- _PROBLEM REQUIREMENTS_
Repeat the listing below exactly. Pictures do not belong in the copy.

- _EXERCISE DATA_
--------

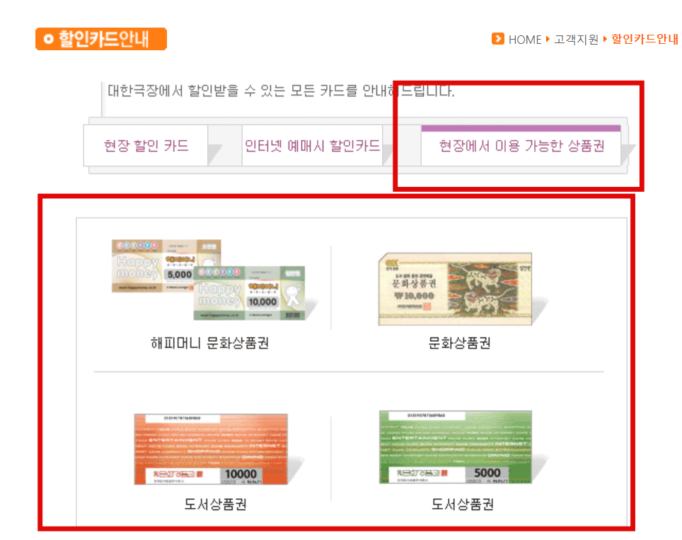 대한극장에서도 해피머니 문화상품권과 문화상품권 도서상품권등을 이용해서 예매를 할 수 있으니 참고가 되시기를 바랍니다.
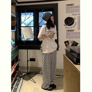 ☽Quần dài ống rộng họa tiết sọc caro cá tính cho nữ
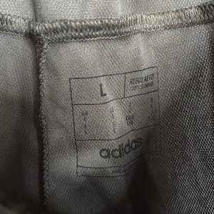 Elastic waist with inner drawstring, 8 inch inseam, waist measures 15 1/2 inches flat across without any stretching, zipper front side pockets AEROREADY fabric lightweight like new without tag perfect condition

--------

- _RESULT OF THIS TASK_
 대한극장에서도 해피머니 문화상품권과 문화상품권 도서상품권등을 이용해서 예매를 할 수 있으니 참고가 되시기를 바랍니다.
 ☽Quần dài ống rộng họa tiết sọc caro cá tính cho nữ
 Elastic waist with inner drawstring, 8 inch inseam, waist measures 15 1/2 inches flat across without any stretching, zipper front side pockets AEROREADY fabric lightweight like new without tag perfect condition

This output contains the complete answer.